Jewellers in India strike for first time since 2005
MUMBAI: Gold jewellers in India, the world’s largest bullion buyer, shut shops for a third day to protest against an increase in taxes, which threatens to “shrink” the industry, according to a traders’ group.
More than 90% of the nation’s 300,000 jewellers closed shops yesterday, Bachhraj Bamalwa, chairman of the All India Gems & Jewellery Trade Federation, said in an interview. The group wanted a new excise duty of 1% on non-branded gold jewellery to be withdrawn, he said.
India increased taxon gold imports for a second time this year and announced the levy on non-branded jewellery to rein in a widening current-account deficit after imports jumped to a record. Overseas purchases might plunge 35% this year from a peak of 969 tonnes in 2011 because of higher taxes, the Bombay Bullion Association said yesterday.

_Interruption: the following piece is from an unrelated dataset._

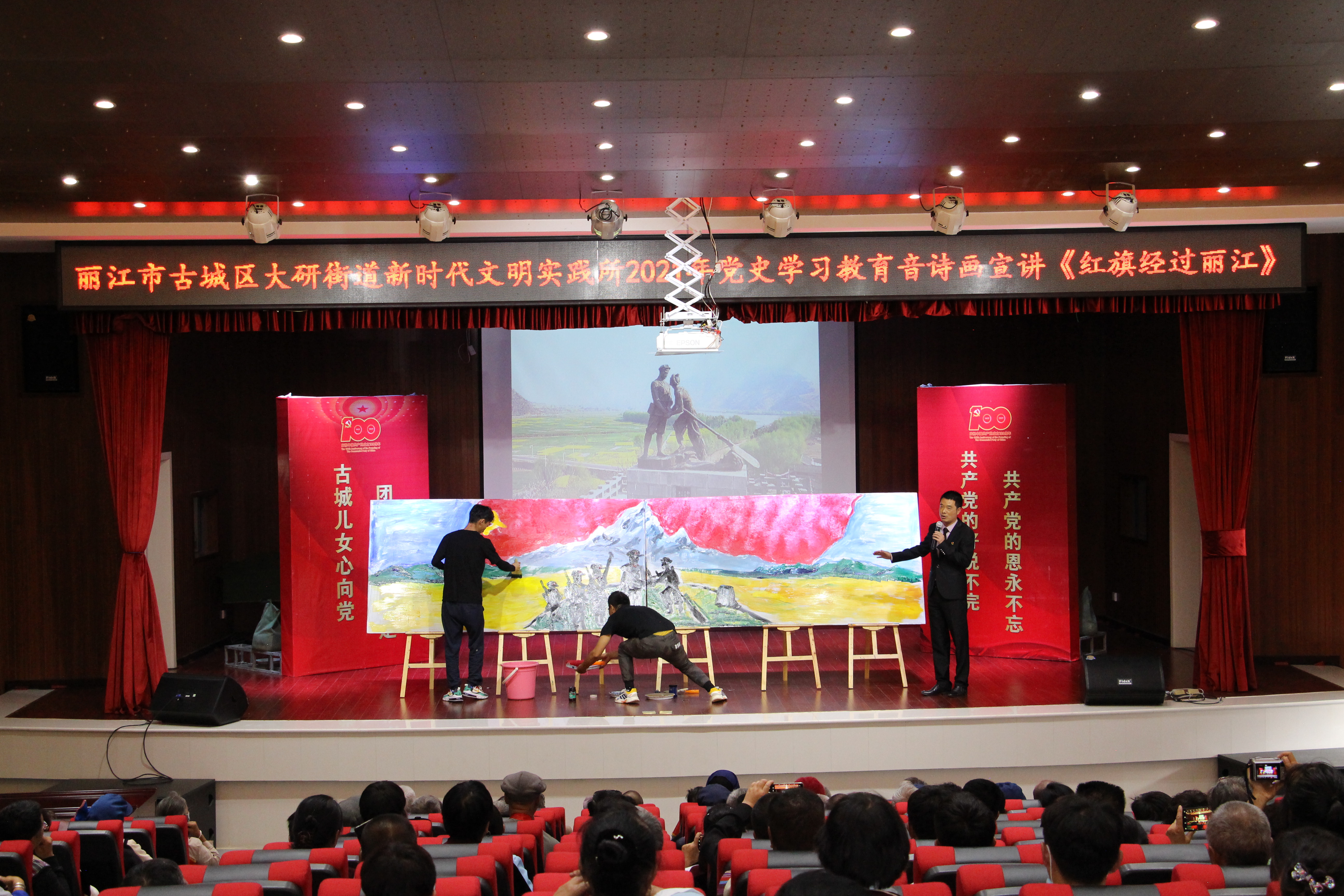 寨后上村快板队创作的纳西快板《中国共产党百年丰功伟绩说不尽》,讲述了党的领导下寨后上村发生了翻天覆地的变化;宣讲员邓骁演讲的《窗外》,从另一个视角讲述了张桂梅老师的奉献与坚守;宣讲员和玉玲、徐丽源宣讲的《她为和平而生》,讲述了纳西族的好女儿、维和女英雄和志虹的故事;文荣学校选送的由三位老师创作的音诗画宣讲作品《红旗经过丽江》,为大家讲述了1936年红军长征过丽江的故事以及红色革命思想对丽江的深刻影响,三位宣讲员边宣讲边作画,既讲出了红军经过丽江,播撒革命火种的难忘经历,又画出了一幅红军过丽江的壮丽画卷,耳目一新的文艺宣讲方式,让听众对党史知识有了更为深切的理解和掌握。

“Higher costs of importing gold combined with a weakening rupee deal Indian gold demand a double whammy,” Edel Tully, an analyst at UBS AG, said in a report.
Finance Minister Pranab Mukherjee raised the import duty on gold bars and coins and platinum to 4% from 2%, after doubling the tax in January. A levy on gold ore, concentrate and so-called dore bars for refining would be doubled to 2% and an excise tax on refined gold will climb to 3% from 1.5%, Mukherjee said last week in his budget speech for the year beginning April 1.
The jewellery “industry is still unorganised and the production is carried out in very small shops,” the federation’s Bamalwa said from Kolkata.